In his early years at Microsoft, Lewis was struck by how forthright the executives were with employees and by how much access there was to Steve Ballmer and Bill Gates and other senior executives. He remembers a leadership retreat in which some of the company's toughest problems were on the table. Have you really got the talent? Lewis remembers asking himself. Three business plans were discussed at that retreat. In Lewis's telling, the process of deciding to support or jettison the plans sounds something like The Hunger Games: "Someone would stand up to give a presentation, and Bill would interrupt with questions. Steve might argue about a fact. The guy or woman would be trembling." Lewis remembers sitting behind Ballmer and Gates: "'Was it you who hired this complete idiot?' Steve asked Bill. 'Not a single person in this room,' Steve said to the poor bloke, 'expects you to come in tomorrow morning.' . . . I've never been in a room," Lewis says, "with so much collective talent, and," he adds to his listeners' surprise, "so little ego. It was a really good education."

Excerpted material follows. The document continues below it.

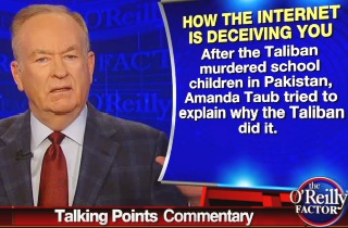 O’Reilly was basing that conclusion off of this piece from Taub (from a month ago, for the record) on why the Pakistani Taliban murdered more than 100 schoolchildren. Taub providing her perspective into the mindset of why the Taliban would have carried out the horrible attack was, to O’Reilly, beyond disgusting and “providing a rationale” for that slaughter.

Glimpsing the Future of the Construction Industry

"Sometimes at Microsoft these deals would end up on your desk," Lewis recalls. "You'd be asked to look into something." In 2004 he was handed a folder containing a plan for a new development in Syracuse, New York, called DestiNY, a 1-million-square-foot technology park to house companies working on new building technologies and renewable energy, led by real estate developer Robert Congel. Congel was to become Lewis's next, and perhaps last, mentor.

Lewis's partnership with Congel on DestiNY sowed the seeds for Living PlanIT. Malcolm Hutchinson, an Australian IT entrepreneur whom Lewis had met when Hutchinson's Swiss company, WISeKey SA, became a Microsoft strategic partner in 2002, also teamed up with Congel and Lewis on DestiNY. WISeKey had two full-time staff members working solely on DestiNY, and Hutchinson made frequent trips from Geneva to Syracuse to give talks and assist with fundraising.

Born in Bacchus Marsh, Australia, the son of a schoolteacher, Hutchinson had worked as an IT specialist in the banking industry while attending college part-time. After graduation he served in several Australian government municipalities as a general manager, overseeing city employees. He then directed a national think tank studying the role of local governments. At age 40 Hutchinson changed careers, leaving the public sector to buy a partnership in an Australian IT company. Later he left Australia for Europe.

In 2006 the two men founded Living PlanIT, with a general idea of revolutionizing construction and a commitment to developing a business around it. Lewis's frustration with the construction industry, his disillusionment with large corporations, and his network from Microsoft led him, as fate would have it, to Maia, where he would encounter an unlikely cast of dreamers and visionaries.